A charred scroll from the Roman town of Herculaneum has been digitally “unwrapped”, allowing researchers to peer inside the ancient document after 2,000 years.
One word appears more than once in the text that’s been deciphered so far, so experts have already been able to hazard a guess at the document’s subject matter.
Crumbling papyri
The ancient scroll, which looks like a lump of charcoal, was charred by the volcanic eruption of Mount Vesuvius in 79AD. It’s “too fragile to ever be physically opened”, said the BBC. That delicacy was demonstrated when previous papyri “crumbled to dust” when researchers tried to open them, said The Guardian.

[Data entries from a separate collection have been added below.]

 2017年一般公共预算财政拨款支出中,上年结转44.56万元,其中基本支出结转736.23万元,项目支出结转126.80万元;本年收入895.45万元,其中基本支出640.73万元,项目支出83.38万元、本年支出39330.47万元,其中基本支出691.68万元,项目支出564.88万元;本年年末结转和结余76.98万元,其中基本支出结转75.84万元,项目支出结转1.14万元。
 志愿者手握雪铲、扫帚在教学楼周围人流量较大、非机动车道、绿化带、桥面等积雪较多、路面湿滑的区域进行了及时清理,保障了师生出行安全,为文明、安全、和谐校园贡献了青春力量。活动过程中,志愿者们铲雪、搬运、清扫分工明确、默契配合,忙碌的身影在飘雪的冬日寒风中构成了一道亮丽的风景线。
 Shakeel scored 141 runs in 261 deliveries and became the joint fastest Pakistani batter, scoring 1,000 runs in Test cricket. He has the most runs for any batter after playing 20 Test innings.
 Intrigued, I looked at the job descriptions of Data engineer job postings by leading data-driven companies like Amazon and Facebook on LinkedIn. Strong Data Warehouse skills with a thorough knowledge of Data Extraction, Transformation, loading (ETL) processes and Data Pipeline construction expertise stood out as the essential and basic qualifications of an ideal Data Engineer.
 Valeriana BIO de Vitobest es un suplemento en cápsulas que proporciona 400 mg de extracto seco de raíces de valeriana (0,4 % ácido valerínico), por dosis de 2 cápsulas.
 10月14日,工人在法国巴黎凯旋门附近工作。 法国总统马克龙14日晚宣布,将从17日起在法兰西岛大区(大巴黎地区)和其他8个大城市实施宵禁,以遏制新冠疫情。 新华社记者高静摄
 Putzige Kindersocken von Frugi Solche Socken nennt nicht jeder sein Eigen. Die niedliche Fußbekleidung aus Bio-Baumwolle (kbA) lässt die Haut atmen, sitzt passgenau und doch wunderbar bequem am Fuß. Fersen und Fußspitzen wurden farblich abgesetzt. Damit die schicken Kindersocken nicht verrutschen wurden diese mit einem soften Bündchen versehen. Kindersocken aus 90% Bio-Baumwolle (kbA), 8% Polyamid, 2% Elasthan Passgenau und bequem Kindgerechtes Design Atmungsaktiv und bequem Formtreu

The latest scroll has been taken to a gigantic high-intensity X-ray facility in Oxfordshire, where electrons were “accelerated to almost the speed of light” to produce an X-ray beam powerful enough to “probe the scroll without damaging it”, said The Independent.

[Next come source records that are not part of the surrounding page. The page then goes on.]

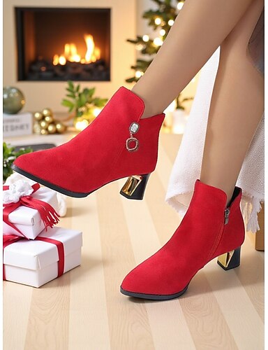 Женские красные замшевые ботильоны с золотистым каблуком и молнией сбоку, стильные зимние ботильоны для рождественских вечеринок &повседневные наряды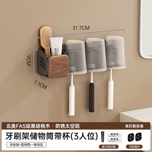 ブラックウォールナット-4人用歯ブラシホルダー-透明縦型カップ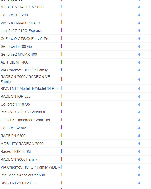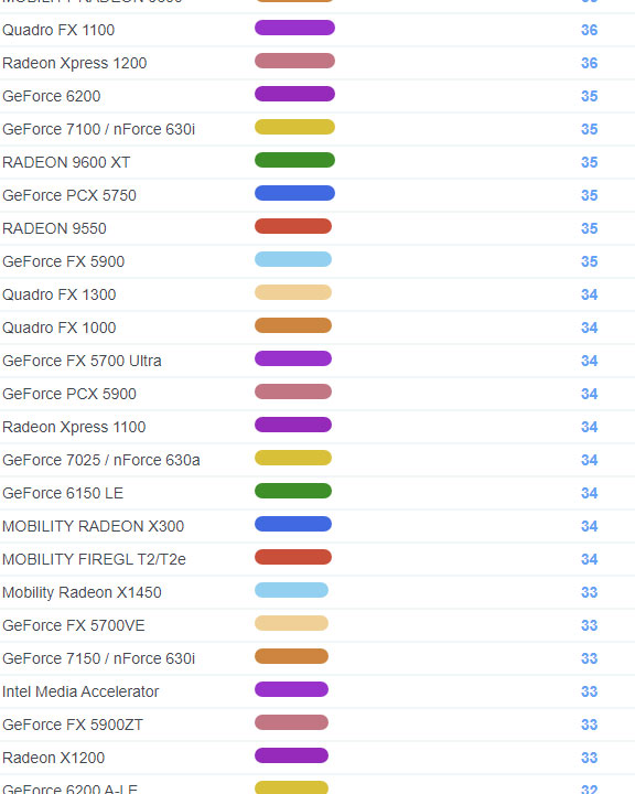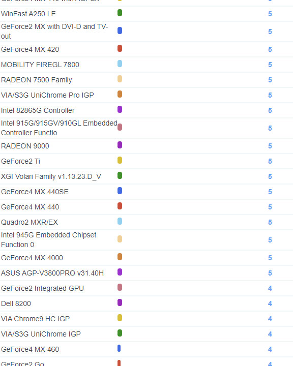 | 2187 | GeForce4 MX 4000 | 5 |

Artificial intelligence can detect the ink without opening the scroll, although this is “easier said than done”, said the BBC, because the papyrus and ink are both made from carbon and are “almost indistinguishable from each other”.
When the document was virtually unrolled on a computer, several columns of text were revealed. One word in the Ancient Greek text, διατροπή, means disgust, and appears twice within a few columns.
Human connection
The team are delighted with the initial results. Project leader Stephen Parsons said the researchers are “confident we will be able to read pretty much the whole scroll in its entirety”.
Parsons is the head of Vesuvius Challenge, an international competition for experts who are trying to unlock Herculaneum scrolls. Last year, Youssef Nader in Germany, Luke Farritor in the US, and Julian Schilliger in Switzerland, won the competition’s $700,000 (£558,000) grand prize after reading more than 2,000 Greek letters from another Herculaneum scroll.
That scroll is thought to have been written by the epicurean philosopher Philodemus. It “covered sources of pleasure, from music to food”, and “explored whether pleasurable experiences” were derived “from the abundant or the scarce”, such as the “minor or major constituents of a meal”, said The Guardian. It’s already thought that the scroll currently being studied in Oxford will cover similar philosophical topics.
Meanwhile, Nicole Gilroy, who supervises scrolls’ care at Oxford‘s Bodleian Library, said she was enjoying “that connection with whoever collected them, whoever wrote them, whoever rolled those scrolls up and put them on the shelves”, because “there’s a real human aspect to it that I just think is really precious”.